当前位置：网站首页>Structured machine learning project (I) - machine learning strategy

Structured machine learning project (I) - machine learning strategy

2022-06-27 22:29:00 【997and】

This study note mainly records various records during in-depth study , Including teacher Wu Enda's video learning 、 Flower Book . The author's ability is limited , If there are errors, etc , Please contact us for modification , Thank you very much ！

Structured machine learning project （ One ）- Machine learning strategies

One 、 Why ML Strategy (Why ML Strategy)
Two 、 Orthogonalization (Orthogonalization)
3、 ... and 、 A single number measures (Single number evaluation metric)
Four 、 Meet and optimize indicators (Satisficing and optimizing metrics)
5、 ... and 、 Training / Development / Test set partitioning (Train/dev/test distributions)
6、 ... and 、 The size of the development set and the test set (Size of dev and test sets)
7、 ... and 、 When to change development / Test sets and metrics ？(When to change dev/testt sets and metrics)
8、 ... and 、 Why is it human performance (Why human-level performance)
Nine 、 Deviation can be avoided (Avoidable bias）
Ten 、 Understand human performance (Understanding human-level performance）
11、 ... and 、 Super performance (Surpassing human-level performance）
Twelve 、 Improve your model performance (Improving model performance)

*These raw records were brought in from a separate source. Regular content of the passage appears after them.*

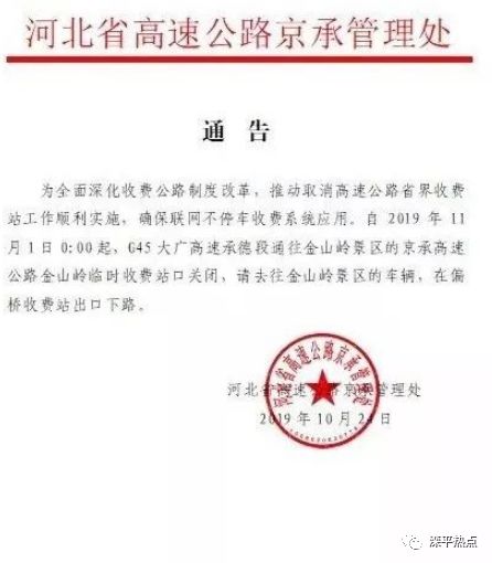 为全面深化收费公路制度改革,推动取消高速公路省界收费站工作顺利实施,确保互联网不停车收费系统应用。自2019年11月1日0:00起,G45大广高速承德段通往金山岭景区的京承高速公路金山岭临时收费站口关闭,请去往金山岭景区的车辆,在偏桥收费站出口下路。
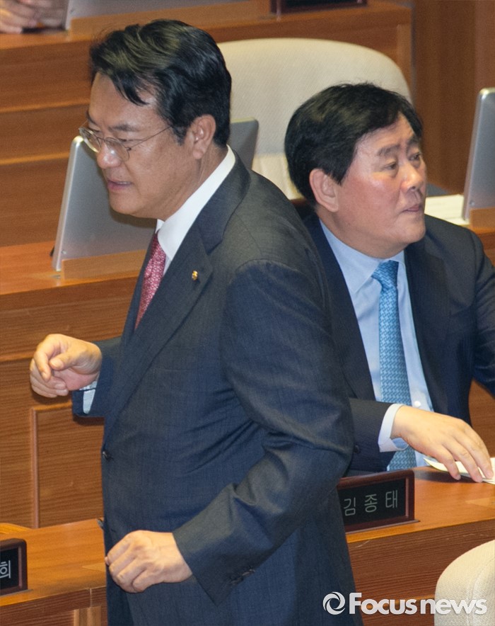(서울=포커스뉴스) 9일 오후 서울 여의도 국회에서 열린 20대 국회 첫 본회의에 참석한 정진석(왼쪽) 새누리당 원내대표와 최경환 의원이 대화한 뒤 자리로 향하고 있다.
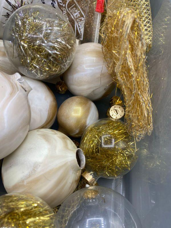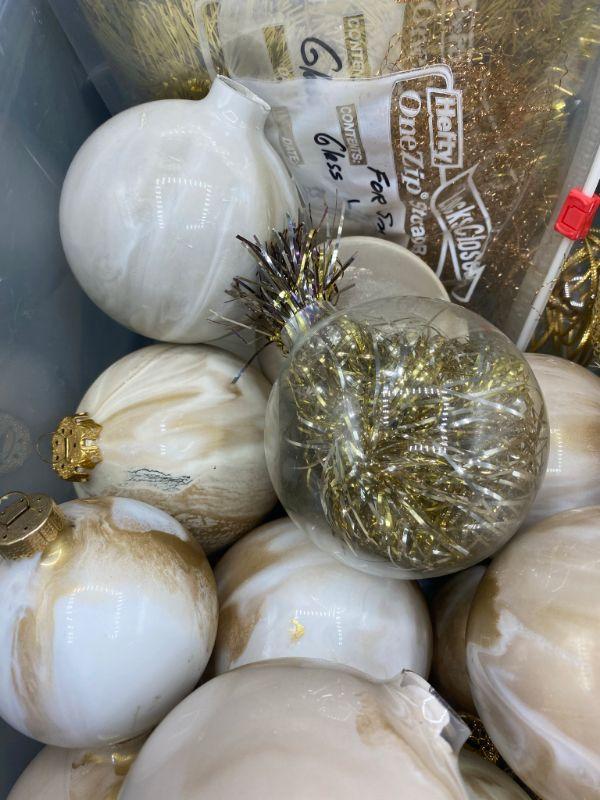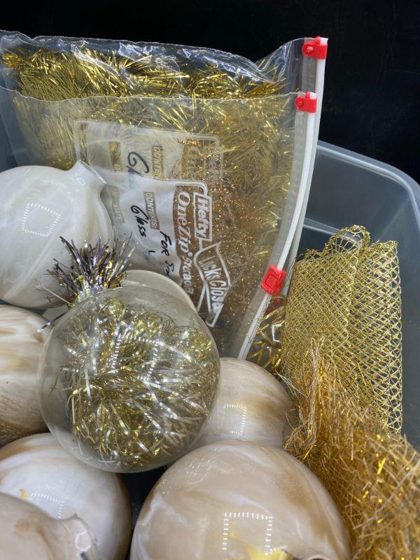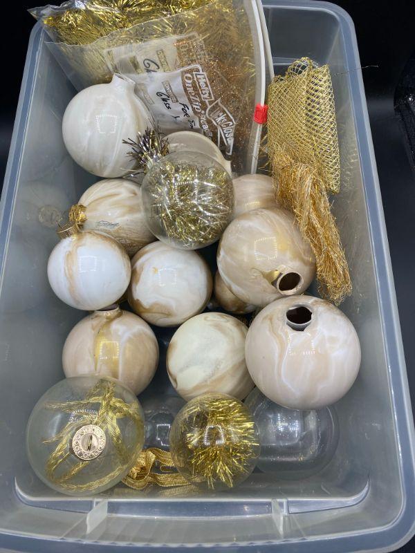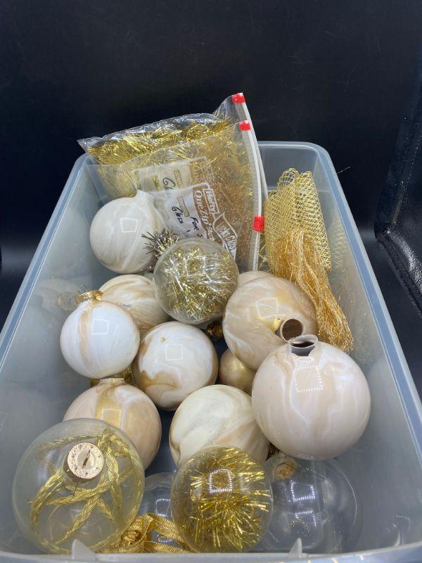 Looks like an unfinished gold holiday tree ball craft project. Swirl painted and ribbon inside. Need to be finished, don't know if all the tops are there but there are loose ones in the box.
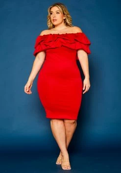 Plus Size Off Shoulder Ruffle Hem Dress

The first edition 2022-05-31 first draft

One 、 Why ML Strategy (Why ML Strategy)

Insert picture description here
1. Collect more data
2. Training set diversity
3. Gradient descent training algorithm
4. Use larger or smaller Neural Networks
5.Adam optimization algorithm
6. Larger or smaller neural networks
7.dropout or L2 Regularization
8. Modify the network architecture ： Modify activation function 、 Change the number of hidden units

Two 、 Orthogonalization (Orthogonalization)

Insert picture description here
Orthogonalization is the design of such buttons by TV designers , Each button adjusts only one property .
Cars are the same .

1. The training set cannot be well fitted in the cost function
2. It is found that the fitting of the algorithm to the development set is very poor
3. The development set is well done , But it's not done well in the test set
4. Unable to provide a good experience for users of cat image application , Need to change development set and cost function .

Generally do not use early stopping, But at the same time improve the performance of the development set

3、 ... and 、 A single number measures (Single number evaluation metric)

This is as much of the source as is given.